At first, we refused to recognize Haiti's independence--just flat refused--and we used gunboat diplomacy against them from the time of Abe Lincoln on through the Billy Jeff Clinton time in office (or orifice in his case) when Billy Jeff sent all the Haitian refugees to Guantanamo Bay and then surrounded Haiti with Navy ships in order to keep the starving desperate Haitians from boarding an innertube and riding the risky waves over to Miami, once a Haitian haven of rest but since a natural haven of hate for Haitians. You know why Haitians are despised by most white and Spanish colonizers? You guessed it, because they were black men and they kicked Napoleon's French Army's ass, their rebellion started by Dutty Zamba Boukman and the revolting slaves and then led to final kick-ass victory by the military genius of a man named Toussaint L'ouverture.
Toussaint L'ouverture (top photo); Painting: "Boukman Rallies the Slaves" (bottom photo).

NOTE: thegrowlingwolf suddenly, as is his habit, began growling and howling around the beautiful The Daily Growler underground offices near Yucca Flats, Nevada, then he harrangued for 15 minutes about this Haitian post was now a BOOK and he didn't want to write a book right now--"God-dammit," he was heard to growl, "I'm readin' books right now, not writing them. I hate having books rattlin' around freely in my cranium." He then bolted the office but not before tucking a $30 bottle of Michael Collins Irish Whiskey under his foreleg--we hope he isn't headed for Davenport. If he is we may not see him for a week or two.

for The Daily Growler

Sports Extra With marvelousmarvbackbiter
What a game, last night, at Shea, Willie vs. Joe. And Willie beat Joe. But what fun it was and Joe got a standing O and let me tell ya, Willie loved the win--and damn if he didn't need it--just to get the Mets fans back in his corner--they were turning on Willie thanks to the fucking baseball press--dumb ass newspaper men who know nothing about baseball really--who were bellyaching about Willie being a loser and wanting a new manager. The Mets stood behind Willie. The manager always gets blamed for a team losing, though managers really have little to do with buying the players or keeping an eye on the farm teams, etc.
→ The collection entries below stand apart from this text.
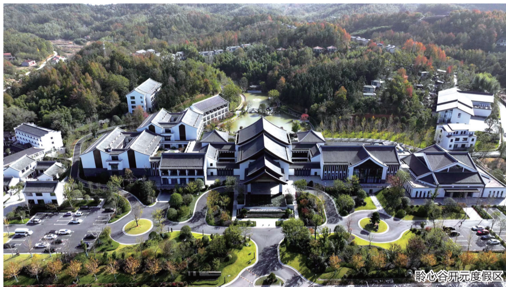
聆心谷开元度假区

格恩半导体率先实现国内氮化镓激光芯片的规模量产;正阳机械成为国内最大的粮食烘干机制造商之一;明天氢能参与了国内首座兆瓦级氢储能电站的建设;长街宴携手“十万剧场”呈现红色文化之旅……近日,记者跟随“筑梦现代化 共绘新图景”采访团在六安市金安区、金寨县采访看到,当地因地制宜发展新质生产力,奏响工业、文旅“协奏曲”,为革命老区发展注入新活力。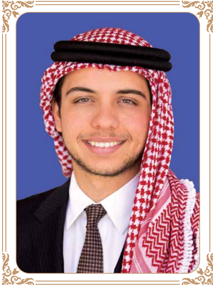
صَاحِبُ السُّهُبِ الْمَلِكِي الْأَمِيرُ الْحُسَيْنُ بْنُ عَبْدِ اللَّهِ الثَّانِي وَوَلِيُّ الْعَهْدِ الْمَعْظُمِ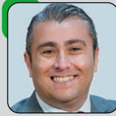
Sr. Virgilio Moreno Alcalde de Inca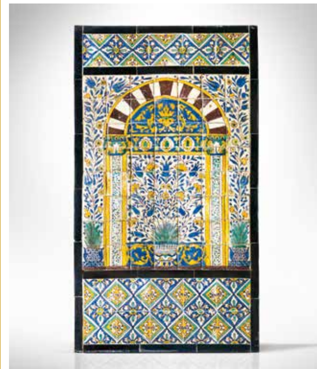
Panneau de revêtement mural, Tunis, atelier Chemia, Tunisie, vers 1920 mahJ © Giovanni Ricci-Novara

2 de séance: parcours-atelier «Parfums de Méditerranée» au mahJ (durée: 2h30), voir page 8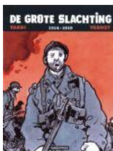
De grote slachting 1914-1919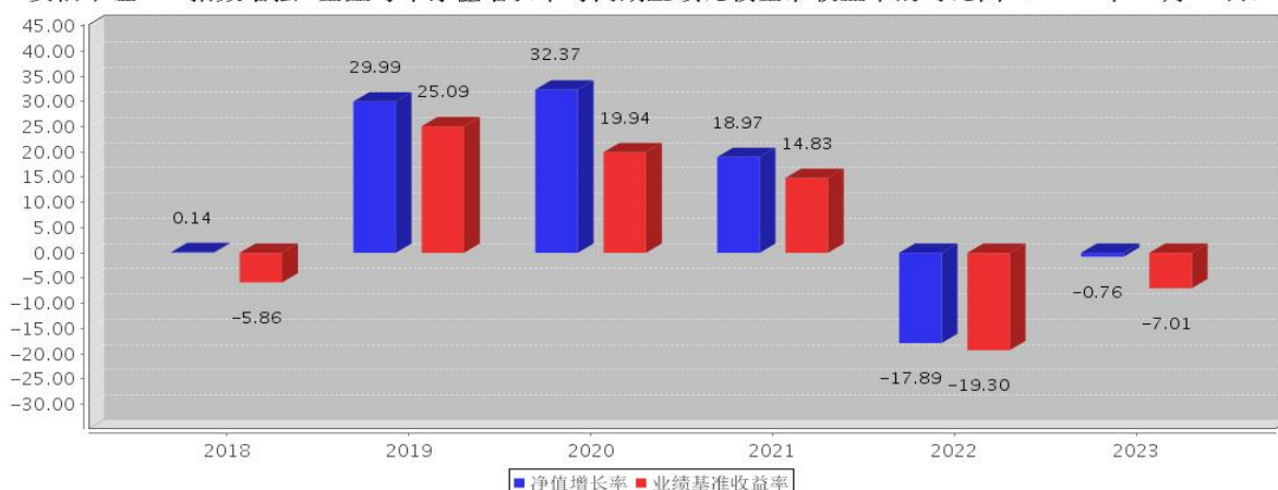
安信中证500指数增强C基金每年净值增长率与同期业绩比较基准收益率的对比图（2023年12月31日）

注：基金合同生效当年期间的相关数据按实际存续期计算。基金的过往业绩并不代表其未来表现。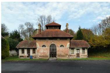
Façade sur cour de l'ancien abattoir, vue de face. IVR22_20138000504NUC2A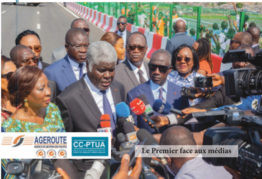
Le Premier face aux médias

Le Premier Ministre a recommandé la prudence et la discipline aux usagers lors de l'utilisation de ces infrastructures routières parce que les chantiers ne sont pas totalement terminés, en ce qui concerne la Y4 et le 4e Pont.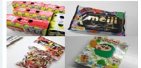
2月も差し入れやお土産をありがとうございました。

在籍する生徒の所属校 小学校 愛国・芦野・富原 中学校 美原・青陵・景雲・北・武修・富原・遠矢・別保・鶴居 高校 湖陵・江南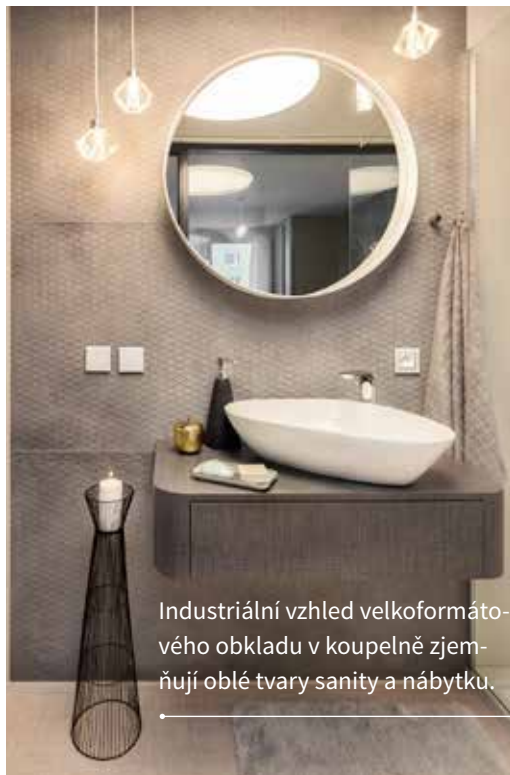
Industriální vzhled velkoformátového obkladu v koupelně zjemňují oblé tvary sanity a nábytku.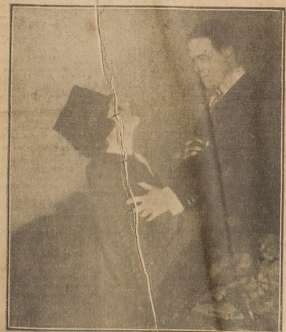
Ella adoraba a su marido, mas sufría tanto por las ofensas...

un enlace desigual para su hijo, y no quería a esa intrusa, — como la llamaba, — que no posea un céntimo y que ahora era duquesa de Derens.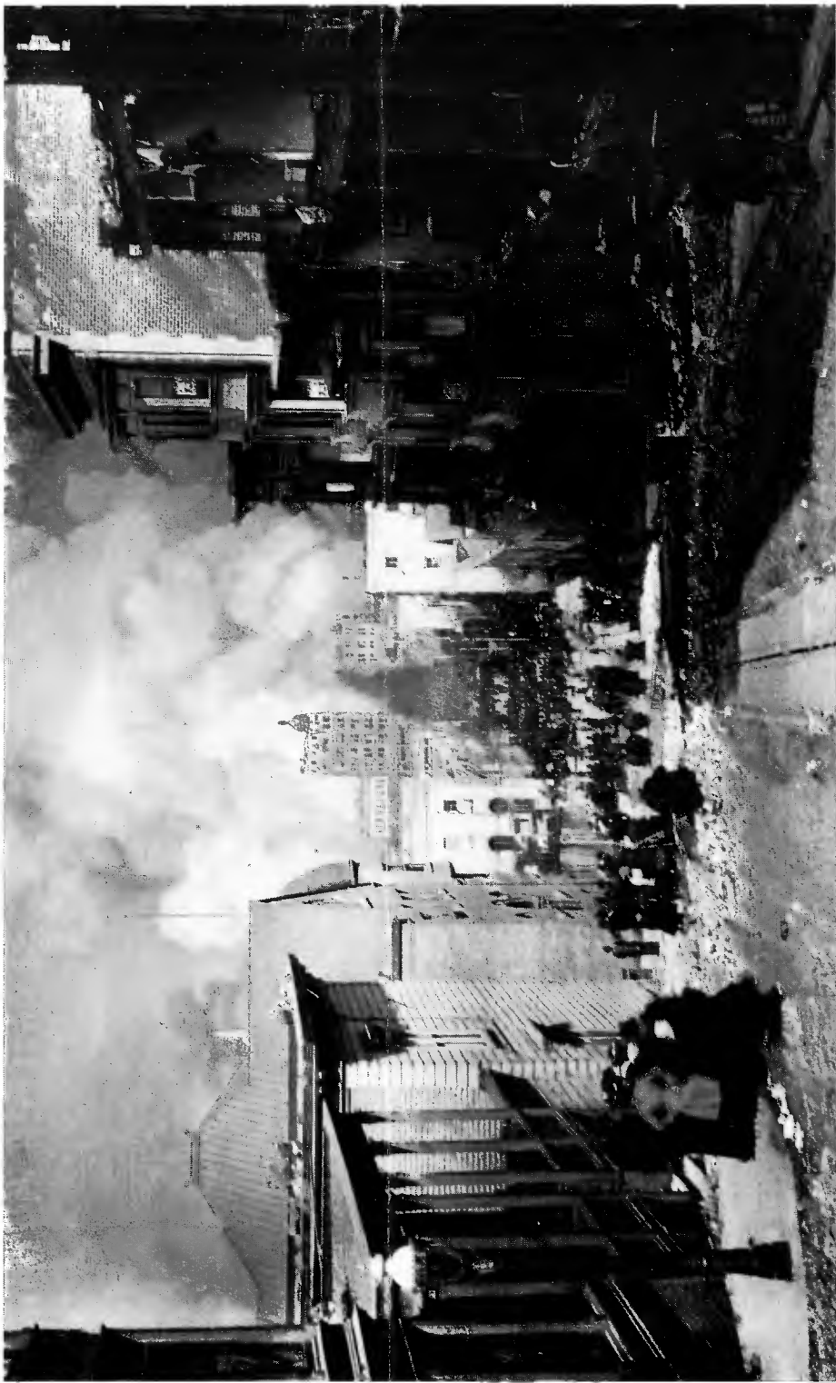
4 - Arnold Genthe: La città in fiamme. San Francisco (1906) , fotografia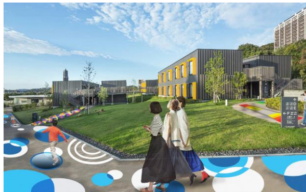
▲ペイントアートが施された各棟へ向かう通路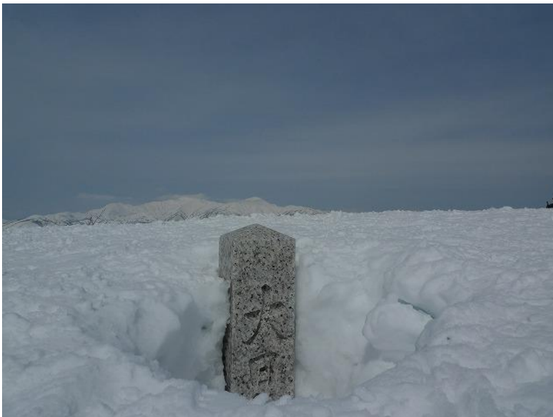
大日ヶ岳山頂 石標が掘り起 こされていた。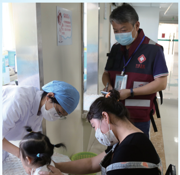
免疫预防科医师对儿童预防接种工作进行现场督导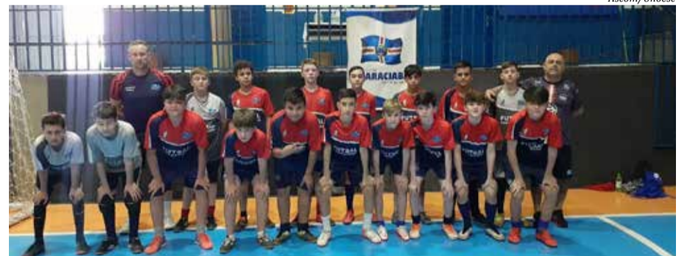
Futsal de Guaraciaba foi uma das entidades esportivas beneficiadas pelas atividades

O projeto também é realizado nos municípios de Guaraciaba (futsal e voleibol), Anchieta (futsal e voleibol) e São João do Oeste (futebol de campo e futsal). Em cada um desses municípios, há acadêmicos de Educação Física e professores supervisores atuando com as crianças e os adolescentes visando fomentar ainda mais o esporte na região.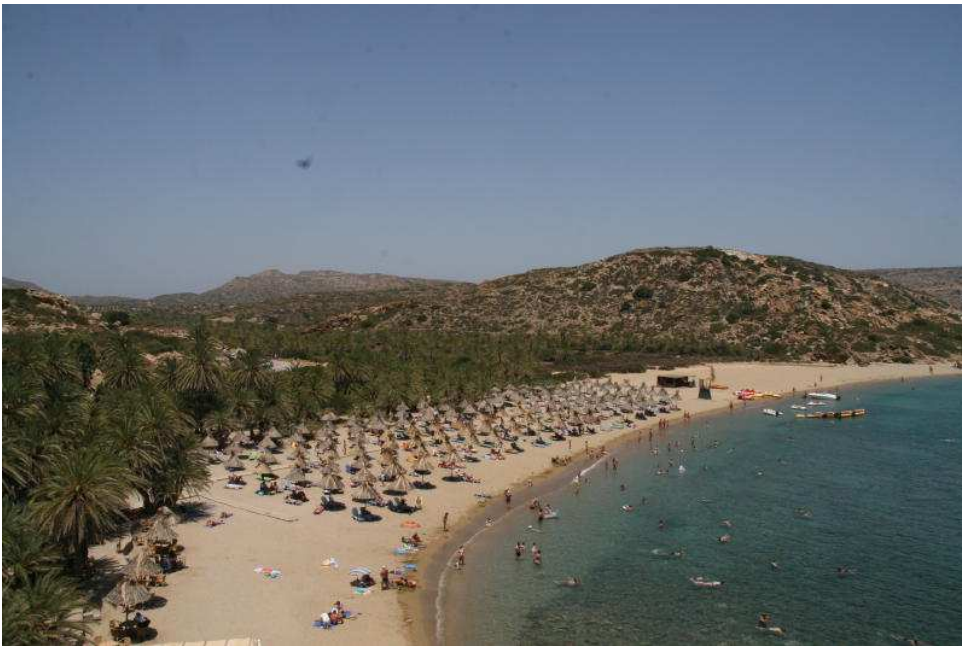
Spiaggia di Vai – Creta

Ripartiamo e passiamo per la spiaggia di Vai molto caratteristica con le sue palme ma molto affollato. Ci fermiamo giusto per fare qualche foto, il punto ideale per fotografare è andare all'estremo della spiaggia ed arrampicarsi per un sentiero, dalla vetta si vede un gran bel paesaggio.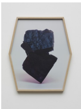
前田征紀「Elemental / Receptor」2011, ラムダプリント, フレーム, 62 x 53.5 x 5 cm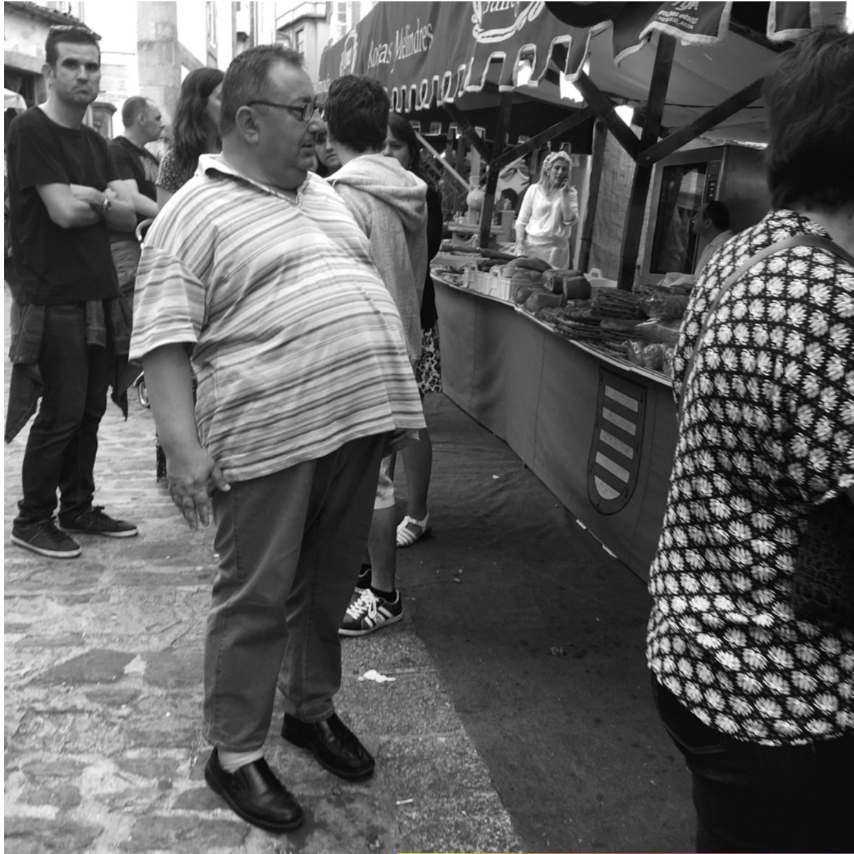
- Pour ne pas craquer, je prends ma respiration.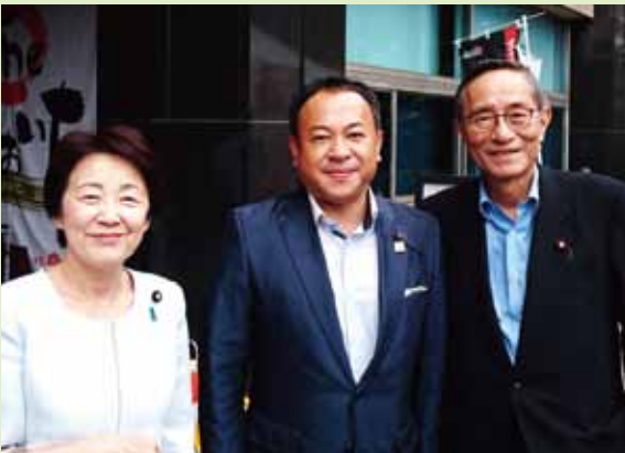
自由民主党本部で開催された大分県フェア。災害からの復旧・復興を願い、山の幸、海の幸を販売。細田博之衆議院議員、山谷えり子参議院議員からも協力をいただきました。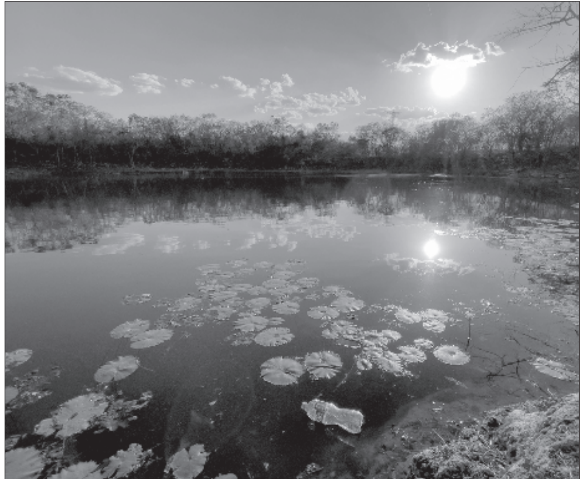
▲ “Aunque sabemos desde hace algunos años con certeza que buena parte de estos fenómenos son resultado del cambio climático muy pocas veces nos detenemos a buscar conexiones”.

ES UN DOCUMENTO generado de forma participativa, de 65 páginas, con un diagnóstico que revela problemas importantes sobre la contaminación, el manejo de residuos, la calidad del agua, el ordenamiento ecológico y el aprovechamiento de energías limpias en el Estado. Tiene un árbol de problemas con las principales causas y efectos que se transforma en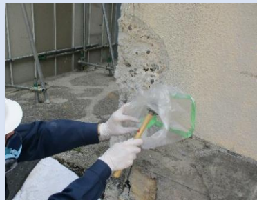
仕上塗材 10cm 3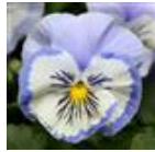
Blue White Whiskers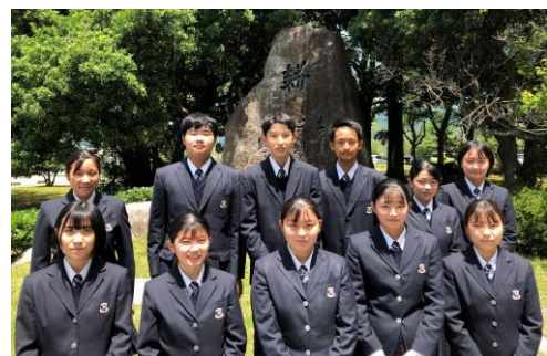
今回携わってくださった、福岡農業高等学校の皆さま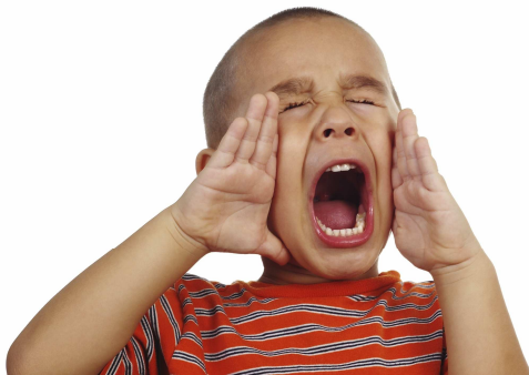
Crier quand on a faim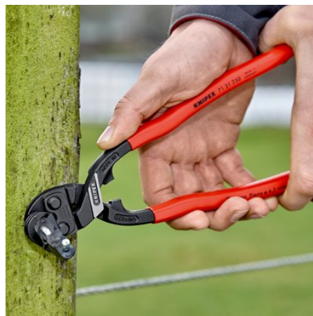
impiego con due mani per una forza di taglio massima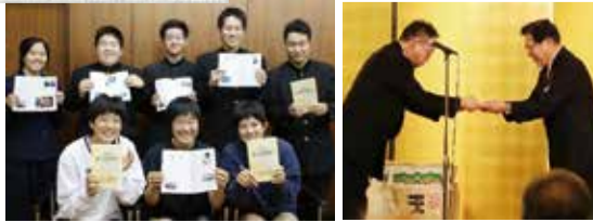
北橋市長へ目録贈呈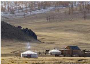
Karakorum 📍 🚗 130km - ⌚ 3h 30m Vallée de l'Orkhon 📍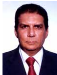
JADER BARBALHO PMDB - PA

Gabinete 752 Anexo 4 Fone 3215-5752 Fax 3215-2752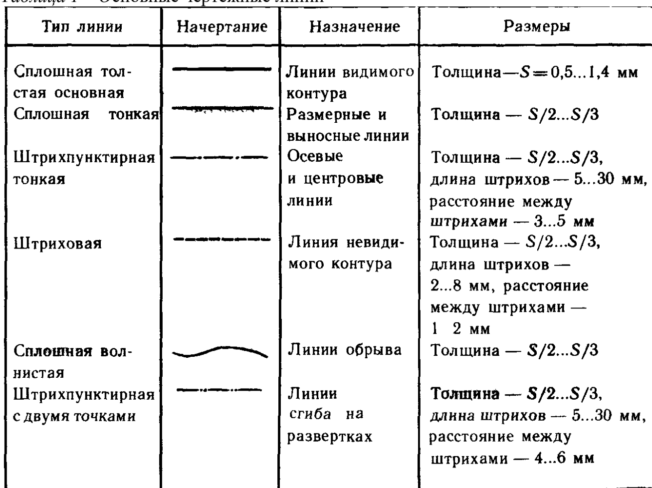
Таблица 1 – Основные чертежные линии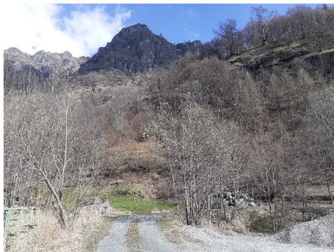
4, foto del 4 aprile, a destra in secondo piano, il n 3 dell'8 marzo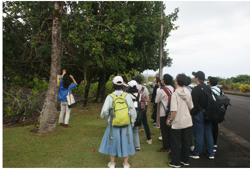
ハワイ固有植物の観察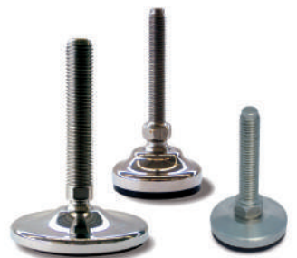
Embases inox massif Ø 30 à 160 mm. Tiges filetées M10 à M36.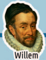
Willem van Oranje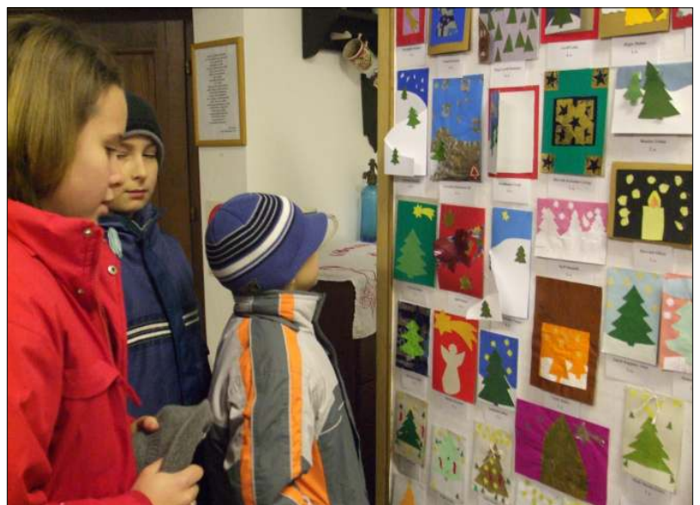
Gazdag képeslap-kiállítás a múzeumban Ausstellung ins Heimatmuseum von handgebrauchten Ansichtskarten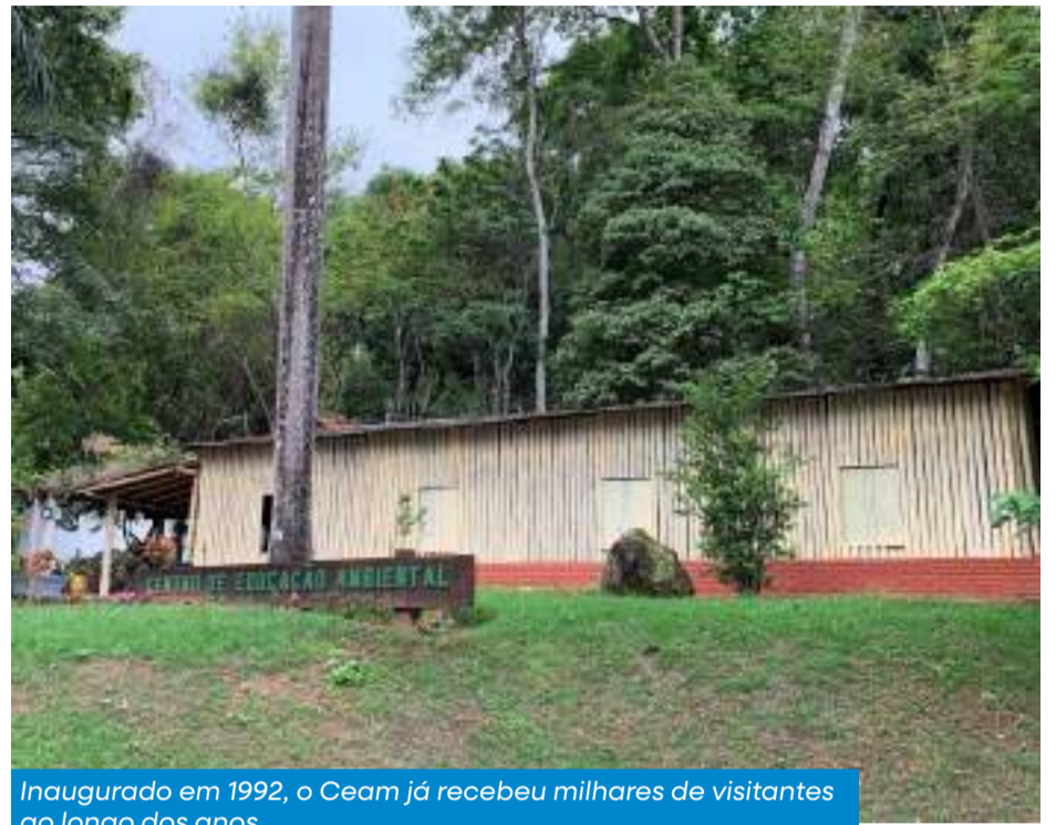
Inaugurado em 1992, o Ceam já recebeu milhares de visitantes ao longo dos anos

O Ceam é uma referência em preservação do

The manager is there to manage a game at a time--and of course a terrible manager can fuck a team up and a good manager, like Joe Torre, like Mike Scotia, like Bobby Cox, like Earl Weaver, like Casey Stengel, like Sparky Anderson, Whitey Herzog--I could go on namin' 'em for a few more whiles--the minute they start managing losing teams, the faster they fade into the cruel record books where even the greats soon fade to yellow as the years pass and the records fall and baseball history overgrows its bounds and so many great players and managers will be lost to time.